--- EXTRACTED DATA ---

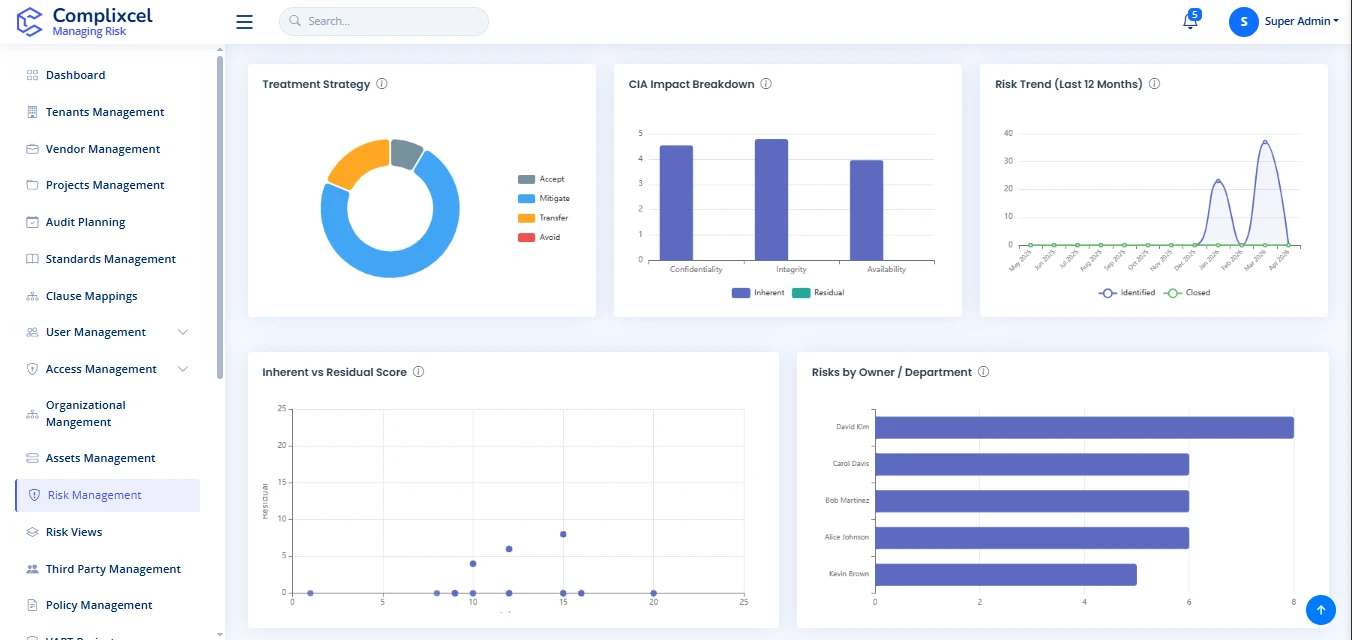 Scale standards, tasks, vendors, and risk workflows across departments with live dashboards and clear ownership
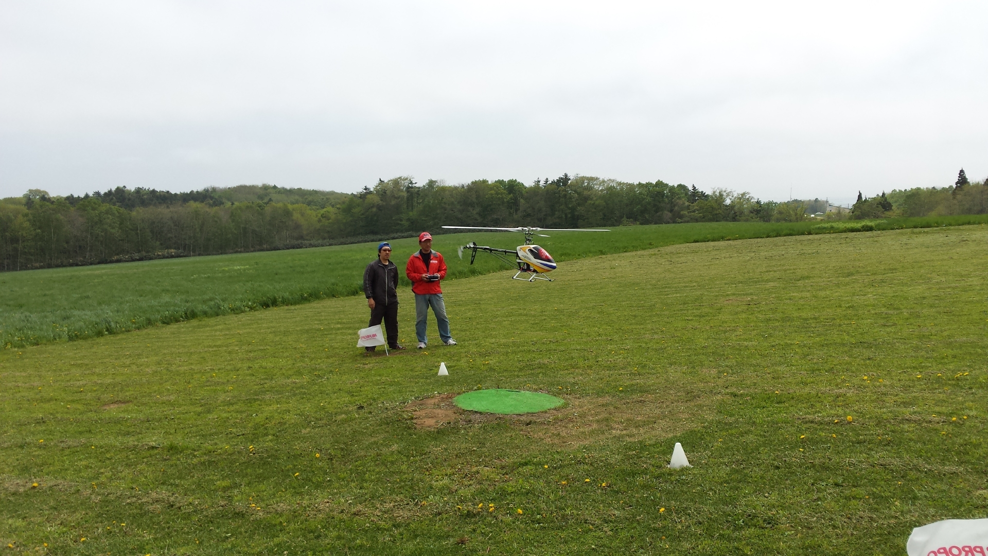 プロポの調整も色々やって、ホバリングの回転数やジャイロの感度設定もいじって.....
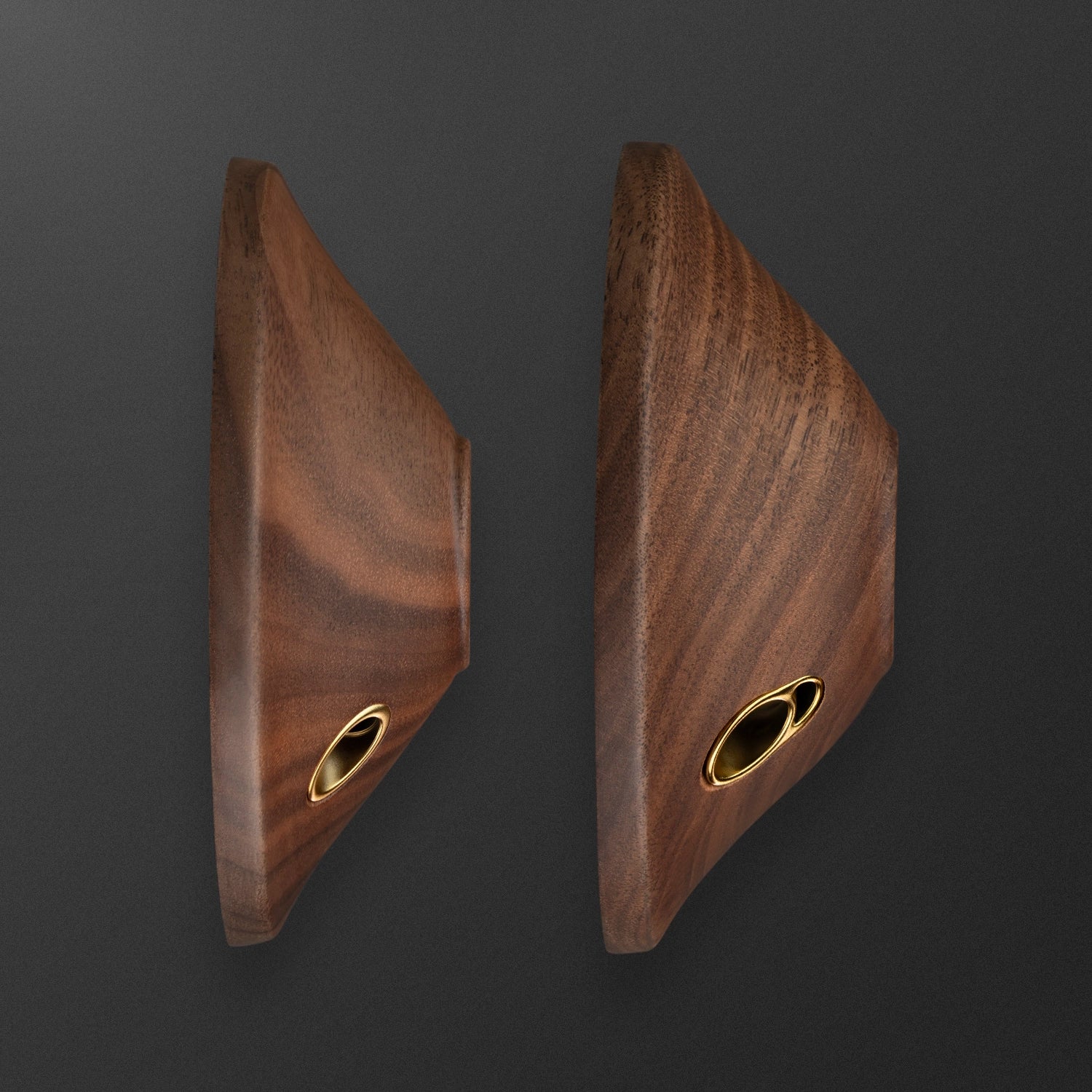 Treasured for its rich, dark color and beautiful grain, walnut wood is strong and durable, yet lightweight and malleable. The cups are CNC-machined, then hand-finished, stained, and polished.
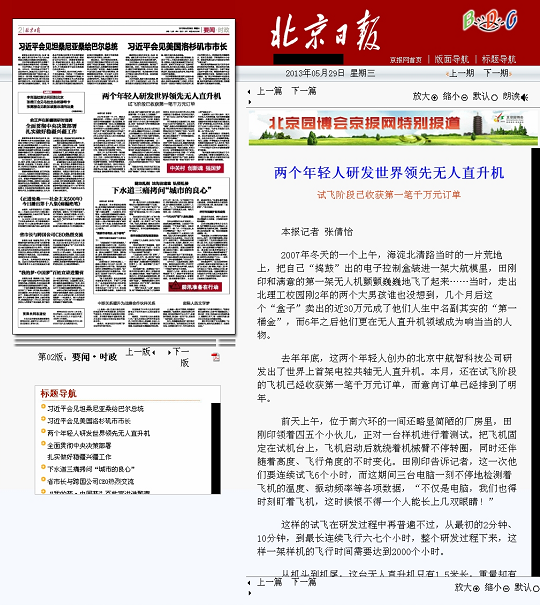 2007年冬天的一个上午,海淀北清路当时的一片荒地上,把自己“捣鼓”出的电子控制盒装进一架大航模里,田刚印和满意的第一架无人机颤颤巍巍地飞了起来……当时,走出bb贝博校园刚2年的两个大男孩谁也没想到,几个月后这个“盒子”卖出的近30万元成了他们人生中名副其实的“第一桶金”,而6年之后他们更在无人直升机领域成为响当当的人物。
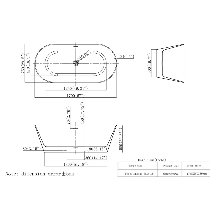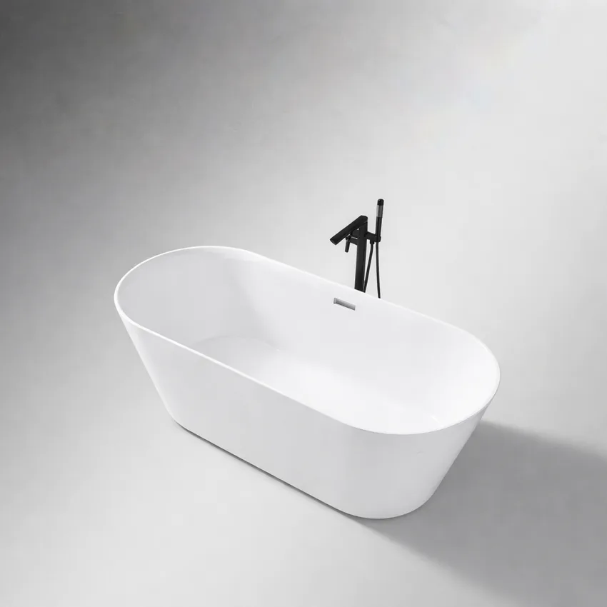 אמבטיה מונחת אובלית עשויה מחומר אקרילי מוחזקת בפייברגלס אורך 170 ס"מ צבע לבן מבריק דגם london
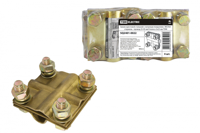 Зажим крестовой стальной с латунным покрытием ЗКСЛ25 стержень - провод 25-95мм2/полоса 3х25мм TDM
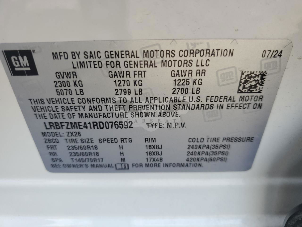 • VIN: LRBFZME41RD076592
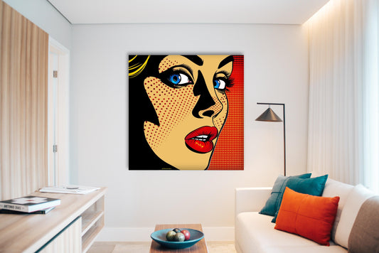Pop-Art - Frauengesicht mit rotem Hintergrund, inspiriert von Roy Lichtenstein | Glanzeffekt
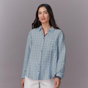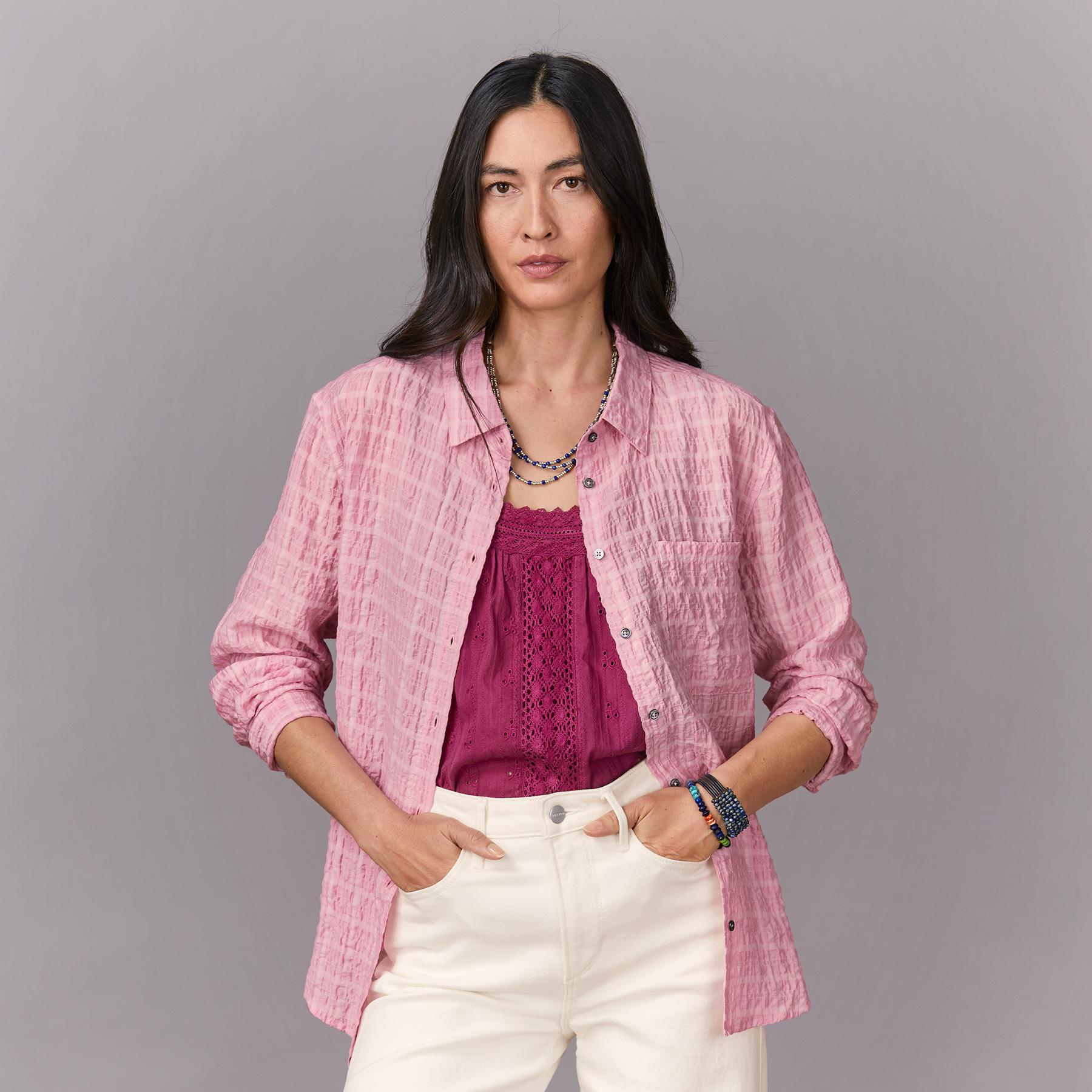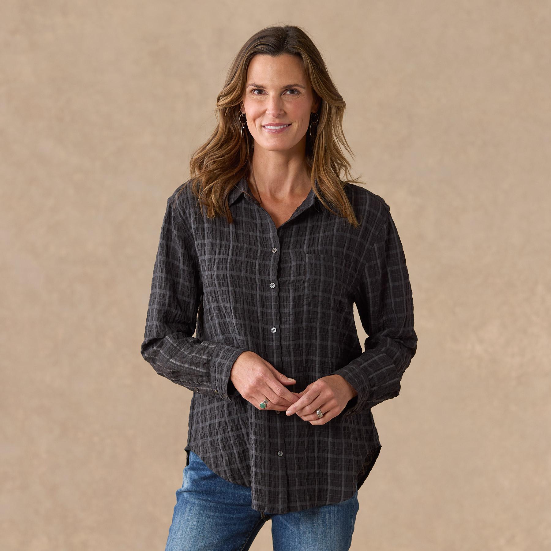 With a crinkle texture. front pocket and roll-up sleeves. this button-up shirt provides timeless comfort and style. Tencel/Rayon/Nylon. Machine Wash. Imported. Sizes XS (0-2). S (4-6). M (8-10). L (12-14). XL (16-18). XXL (20-22). Approx. 27.25l.

---

▶ **WORK REQUIRED**: Using the data above, retype exactly the lines from the line with "Treasured for its" to the line with "Зажим крестовой стальной", inclusive. No pictures and nothing else.

▶ **OUTPUT FOR THIS EXERCISE**:
 Treasured for its rich, dark color and beautiful grain, walnut wood is strong and durable, yet lightweight and malleable. The cups are CNC-machined, then hand-finished, stained, and polished.
 2007年冬天的一个上午,海淀北清路当时的一片荒地上,把自己“捣鼓”出的电子控制盒装进一架大航模里,田刚印和满意的第一架无人机颤颤巍巍地飞了起来……当时,走出bb贝博校园刚2年的两个大男孩谁也没想到,几个月后这个“盒子”卖出的近30万元成了他们人生中名副其实的“第一桶金”,而6年之后他们更在无人直升机领域成为响当当的人物。
 אמבטיה מונחת אובלית עשויה מחומר אקרילי מוחזקת בפייברגלס אורך 170 ס"מ צבע לבן מבריק דגם london
 Зажим крестовой стальной с латунным покрытием ЗКСЛ25 стержень - провод 25-95мм2/полоса 3х25мм TDM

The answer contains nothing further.